ARIMA models robustly estimate and forecast the incidence and death of AIDS/HIV, demonstrating the applicable potentials of time series modeling in retrospectively extracting the underlying epidemiology of infectious diseases and prospectively forecast future development trends and patterns. Both long-term annual trends and short-term monthly fluctuations could be appropriately fitted by the established ARIMA models for the data-driven prevention and control of infectious diseases. Additionally, model-predicted outlier peaks could in advance alarm potential outbreaks and prepare for essential intervention. It should be noted that the established ARIMA models were built on historic data, so the models should be continuously updated and optimized when the latest data get released and previously current data now become historic. This could be demonstrated by our interesting observation that the actual death data in the second half of 2017 were substantially higher than the corresponding ARIMA-forecasted values, even surpassing the upper bound of the 95% prediction intervals for the last months of November and December in 2017. This deviation reveals the faster increase in AIDS/HIV death during the latest time range, which is not factored into current ARIMA models (based on 2004–2015 data) but should be updated into future ARIMA models when data in later years of 2016 and so on are included for modeling.

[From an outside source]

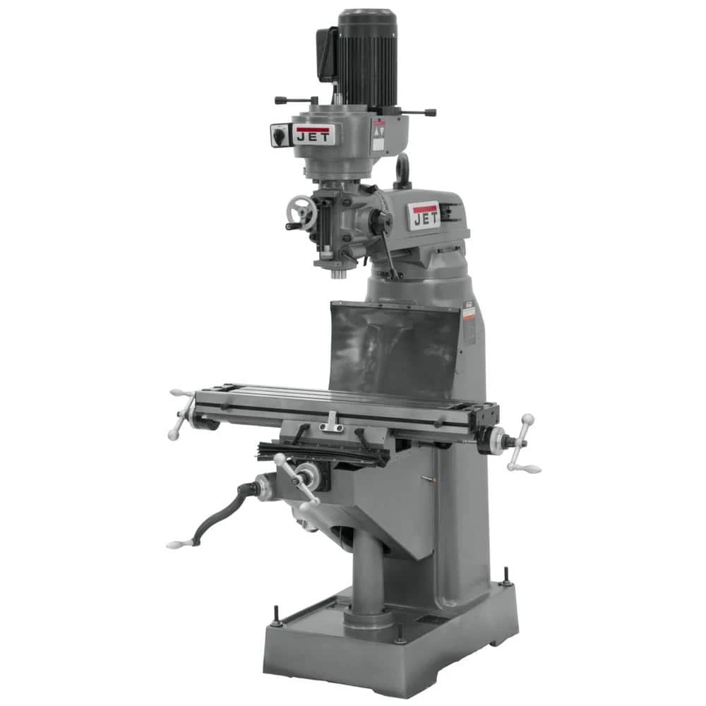 The precision bored and honed milling head, coupled with the hardened and ground 8 in. x 36 in. table ensures retention of tolerances, while locks on all moving surfaces increase user safety. The Jet JVM-836 has features you’ve come to expect that are backed by the industry-leading Jet 2-Year Warranty. Over 10 in. of front to back ram travel.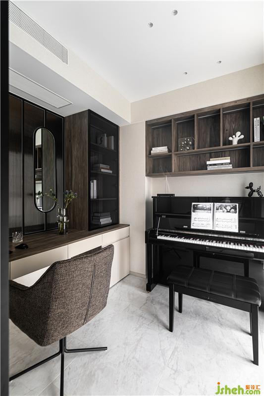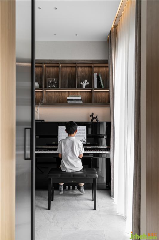 一字型雙人書桌與書柜橫豎交錯,滿足同孩子伏案作業(yè),亦能滿足獨自使用書房,鋼琴上方的開架書柜不同比例切割,蘊藏著對簡約美學(xué)的嚴(yán)謹(jǐn)思考。

A few imitations lie in this study. First, the most recent incidence and death data on AIDS/HIV in 2018 and 2019 were not yet released in the database by the completion of this manuscript so the established ARIMA models may not be the most accurate for forecasting future trends of AIDS/HIV in China for 2020 and beyond. Second, we analyzed in details on the geographical and age-specific distribution of AIDS/HIV, but other important factors including gender, social status, economic condition, and transmission mode were either not recorded in the National Infectious Disease Surveillance System or not released in the public health database. Analysis stratified on such factors are essential for the better understanding of AIDS/HIV epidemiology in China. Third, ARIMA models are autocorrelation approaches with limited ability to forecast outbreaks that happen in random frequencies. Additionally, just like all predictive models, uncertainty for forecasts grows rapidly with longer years into the future, so cautions should be taken using ARIMA models for long-term forecasting.

Conclusion

Based on the spatial, age-wise, and temporal characteristics of AIDS/HIV epidemiology in China from 2004 to 2017, public health measures should be formulated to focus on the identified hotbed regions and high-risk age groups. ARIMA models fit well with the incidence and death of AIDS/HIV and the model-driven forecasts contribute to evidence-based policy decisions.